[Data provided]

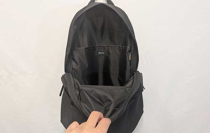 ちなみに、ケユカのロゴはメインコンパートメントを開けないと見えないので、目立つマークが苦手な人にもおすすめですよ。
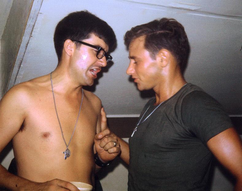 Dr. Barnard, left, and Dr. Tim Stuntz, right on Boys Camp deck, 91st Evacuation Hospital, Chu Lai. Dr. Stuntz, the neurosurgeon at 91st Evacuation Hospital, was also known as 'Scrounge.' If you needed something, he could get it, steaks or booze. Just don't ask where it came from. Don't ask, don't tell.
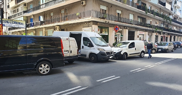 Catania: marciapiede occupato da furgoni camion e auto in viale Ionio
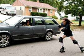 然后我回去认认真真地将Juno看完。并且深深地喜欢上了这个女孩子。在Whip it里,她依然是那个丑小鸭一样的小女孩子。戴着大大的眼镜。灰溜溜的。一出场就把头发染成刺眼的蓝色。被妈妈骂。妈妈希望她做一个优雅的淑女。她偏偏喜欢轮滑。看到别人穿着轮滑鞋子。她的两眼灼灼放光。于是她瞒着妈妈去参加极速轮滑比赛。小小的身体遇到了巨大的冲撞。而她勇往直前。摔倒了爬起来。又被撞倒。然后再站起来。Be ruthless.
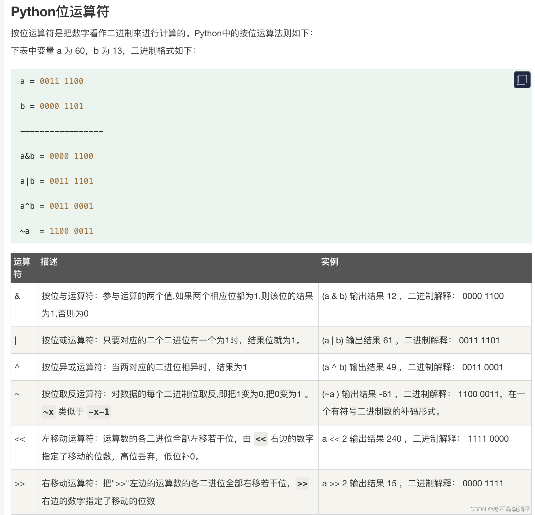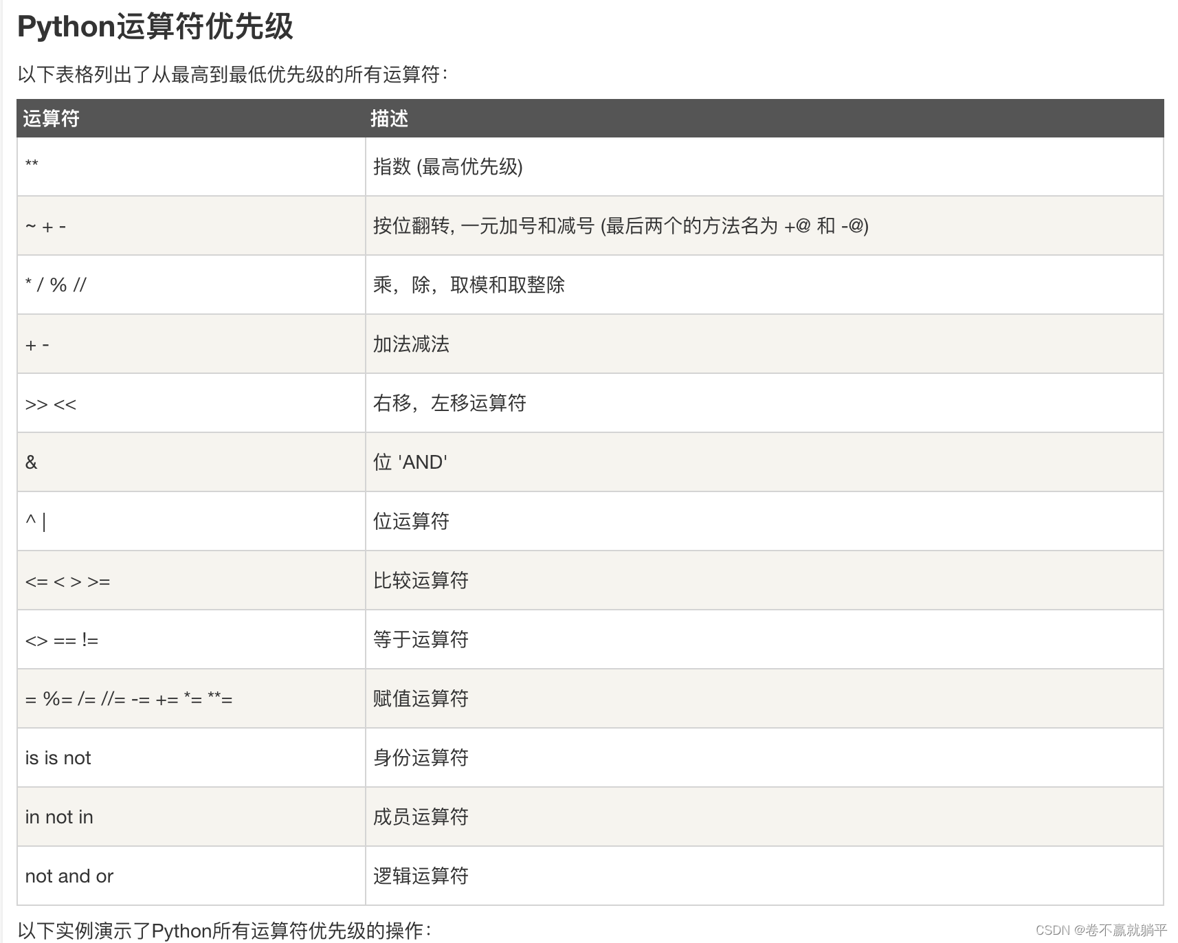 本文介绍了Python中的算术、比较、赋值、位、逻辑、成员和身份运算符,以及它们的用法示例和运算符优先级,同时提到了关于变量内存地址分配的问题。
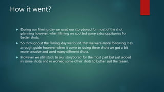 The document summarizes the filming day for a student film project. It discusses how the students followed their storyboard but found additional shot opportunities. Throughout the day, they got more creative and added shots while still sticking to the overall storyboard. It describes some specific shots that were added, like a close-up of a character's feet walking. The document also notes some technical problems encountered, like accidentally turning off exposure lock, and how the filmmaker gained skills in lighting, camera settings, and efficient production.
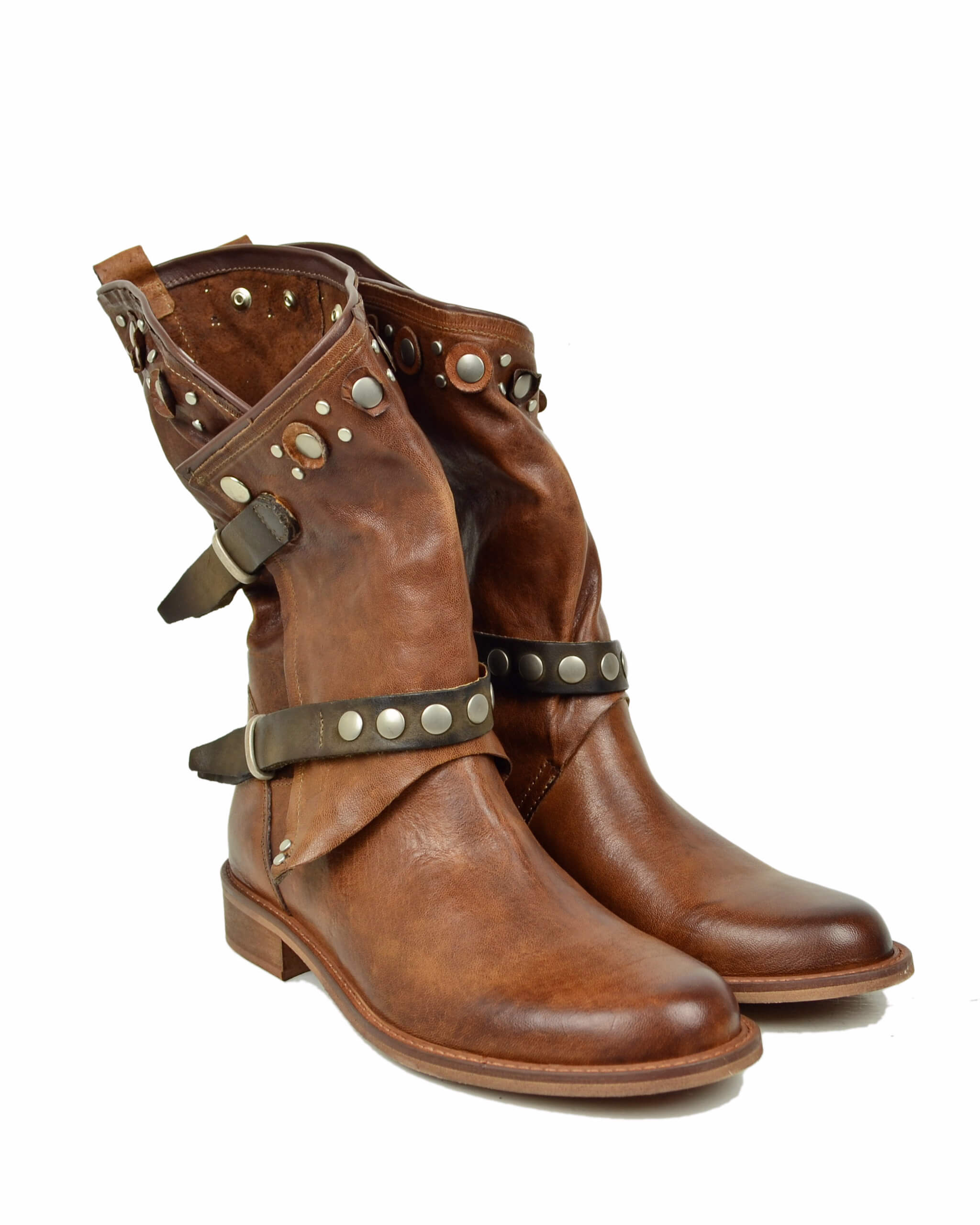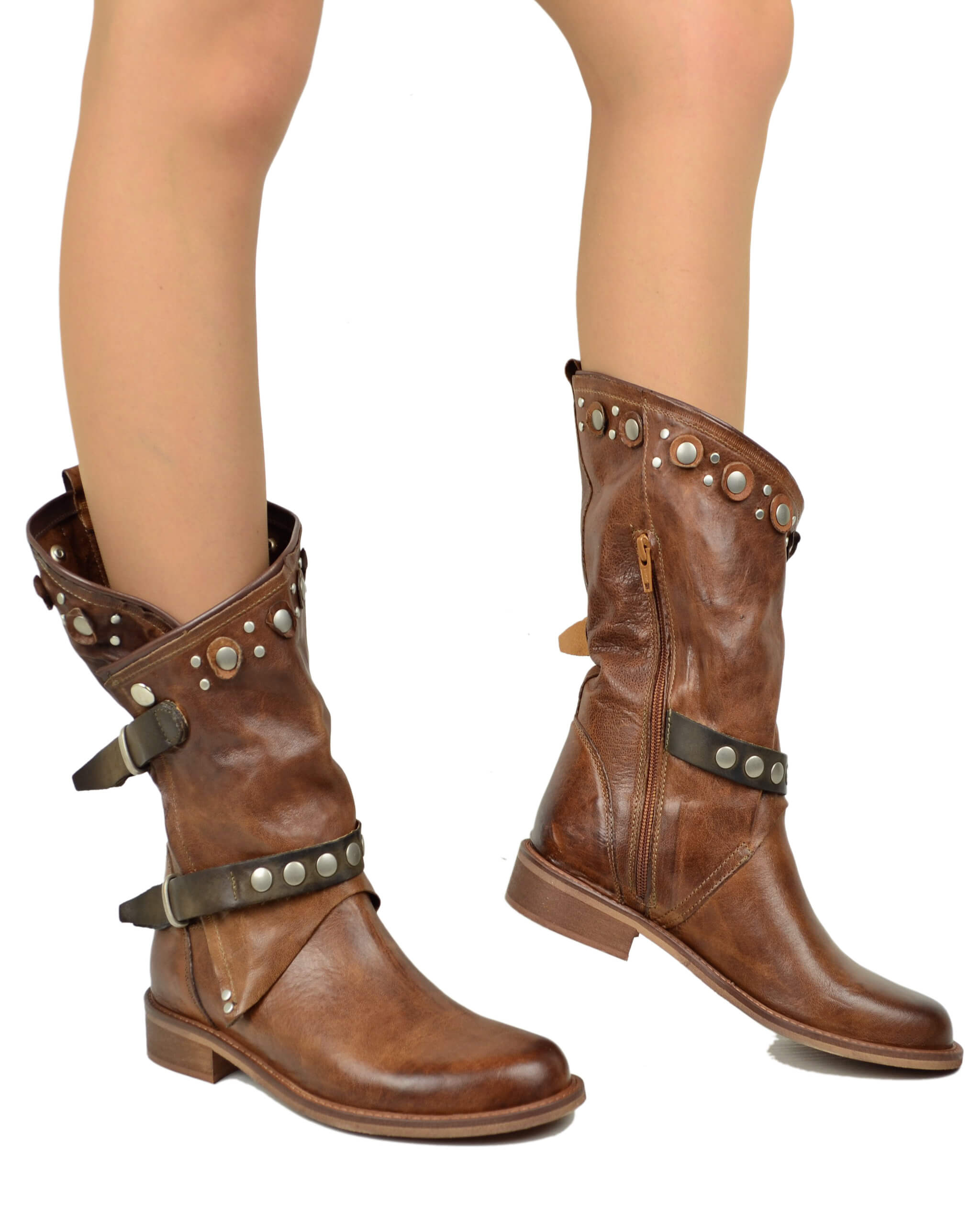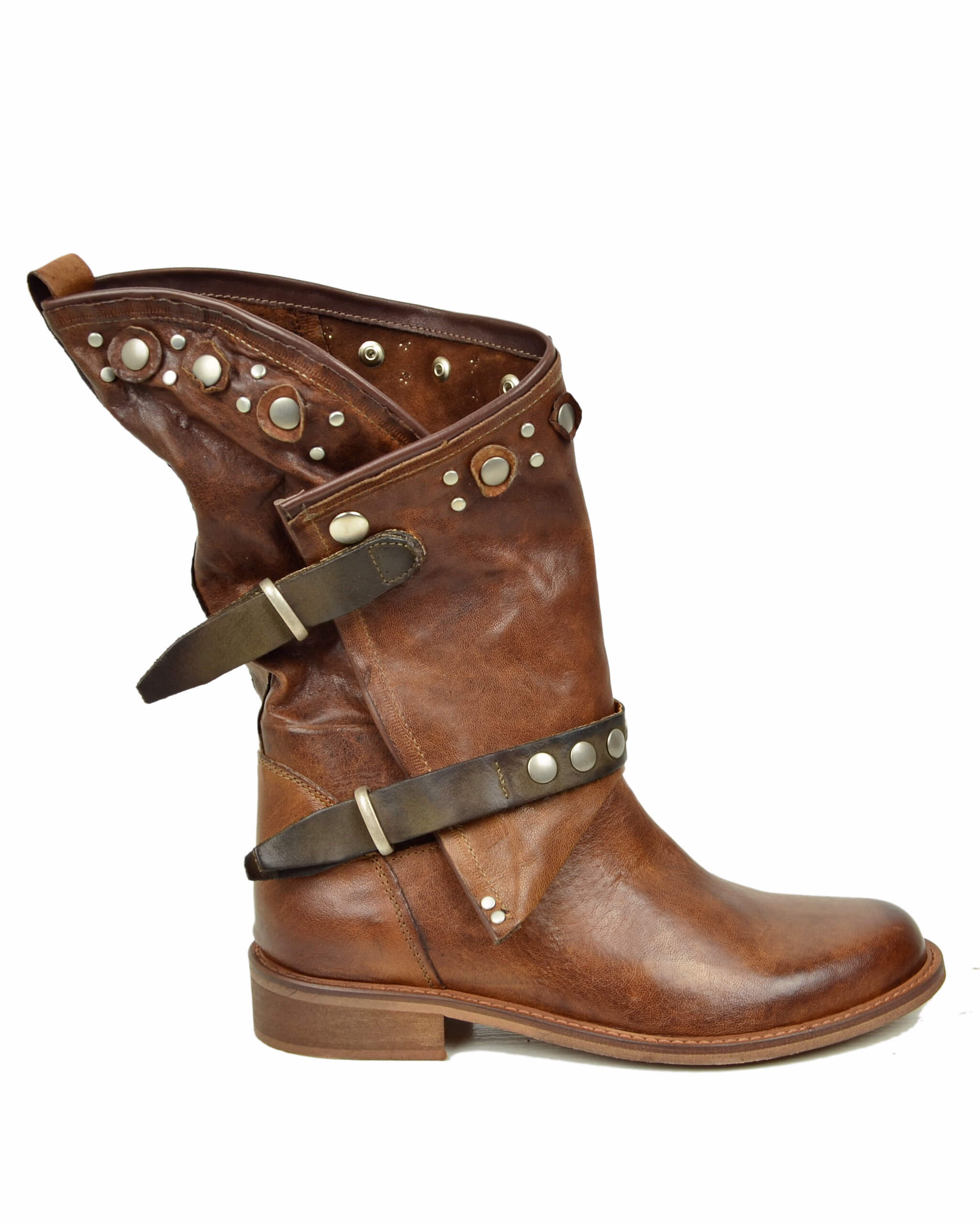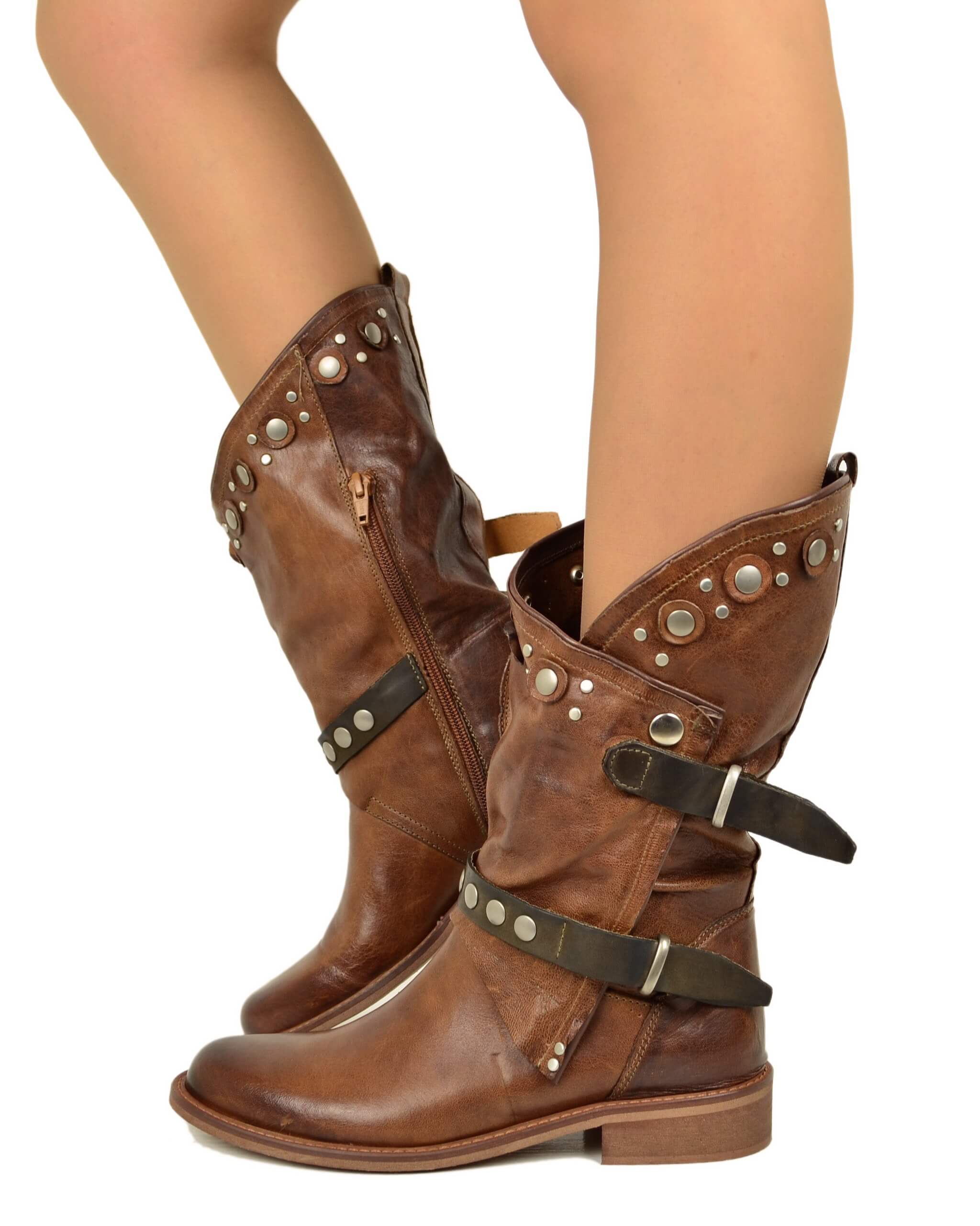 Biker Cacao in Pelle Sfumata con Gambale Largo e Sfoderato Stivali Borchiati
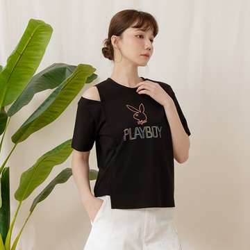 PLAYBOY - OVERSIZE寬版落肩T-SHIRT - 黑色/751-801-09-1
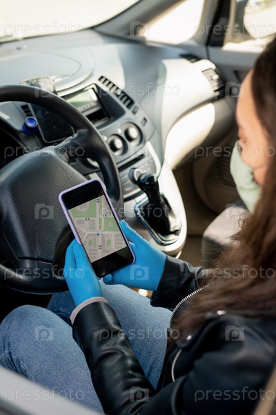 Водительница такси в защитных перчатках смотрит на карту навигатора со смартфона
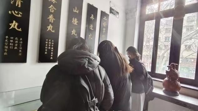 实践队围绕中医药文化传承主题,赴济南开展实地学习活动。在扁鹊文化纪念馆,队员们通过文物展陈与讲解,系统了解“望闻问切”四诊法的内涵;在宏济堂,通过参观中药炮制工艺展示区、与坐诊医师交流,近距离感受传统制药技艺与匠心精神;在山东中医药大学博物馆及多地新华书店,通过查阅中医药标本与《四季养生》《针灸大成》等典籍,进一步掌握中医养生理论知识。

[/Data provided]

### Prompt
Print each record as it appears above, dropping every picture from the copy.

### Exercise result
 ちなみに、ケユカのロゴはメインコンパートメントを開けないと見えないので、目立つマークが苦手な人にもおすすめですよ。
 Dr. Barnard, left, and Dr. Tim Stuntz, right on Boys Camp deck, 91st Evacuation Hospital, Chu Lai. Dr. Stuntz, the neurosurgeon at 91st Evacuation Hospital, was also known as 'Scrounge.' If you needed something, he could get it, steaks or booze. Just don't ask where it came from. Don't ask, don't tell.
 Catania: marciapiede occupato da furgoni camion e auto in viale Ionio
 然后我回去认认真真地将Juno看完。并且深深地喜欢上了这个女孩子。在Whip it里,她依然是那个丑小鸭一样的小女孩子。戴着大大的眼镜。灰溜溜的。一出场就把头发染成刺眼的蓝色。被妈妈骂。妈妈希望她做一个优雅的淑女。她偏偏喜欢轮滑。看到别人穿着轮滑鞋子。她的两眼灼灼放光。于是她瞒着妈妈去参加极速轮滑比赛。小小的身体遇到了巨大的冲撞。而她勇往直前。摔倒了爬起来。又被撞倒。然后再站起来。Be ruthless.
 本文介绍了Python中的算术、比较、赋值、位、逻辑、成员和身份运算符,以及它们的用法示例和运算符优先级,同时提到了关于变量内存地址分配的问题。
 The document summarizes the filming day for a student film project. It discusses how the students followed their storyboard but found additional shot opportunities. Throughout the day, they got more creative and added shots while still sticking to the overall storyboard. It describes some specific shots that were added, like a close-up of a character's feet walking. The document also notes some technical problems encountered, like accidentally turning off exposure lock, and how the filmmaker gained skills in lighting, camera settings, and efficient production.
 Biker Cacao in Pelle Sfumata con Gambale Largo e Sfoderato Stivali Borchiati
 PLAYBOY - OVERSIZE寬版落肩T-SHIRT - 黑色/751-801-09-1
 Водительница такси в защитных перчатках смотрит на карту навигатора со смартфона
 实践队围绕中医药文化传承主题,赴济南开展实地学习活动。在扁鹊文化纪念馆,队员们通过文物展陈与讲解,系统了解“望闻问切”四诊法的内涵;在宏济堂,通过参观中药炮制工艺展示区、与坐诊医师交流,近距离感受传统制药技艺与匠心精神;在山东中医药大学博物馆及多地新华书店,通过查阅中医药标本与《四季养生》《针灸大成》等典籍,进一步掌握中医养生理论知识。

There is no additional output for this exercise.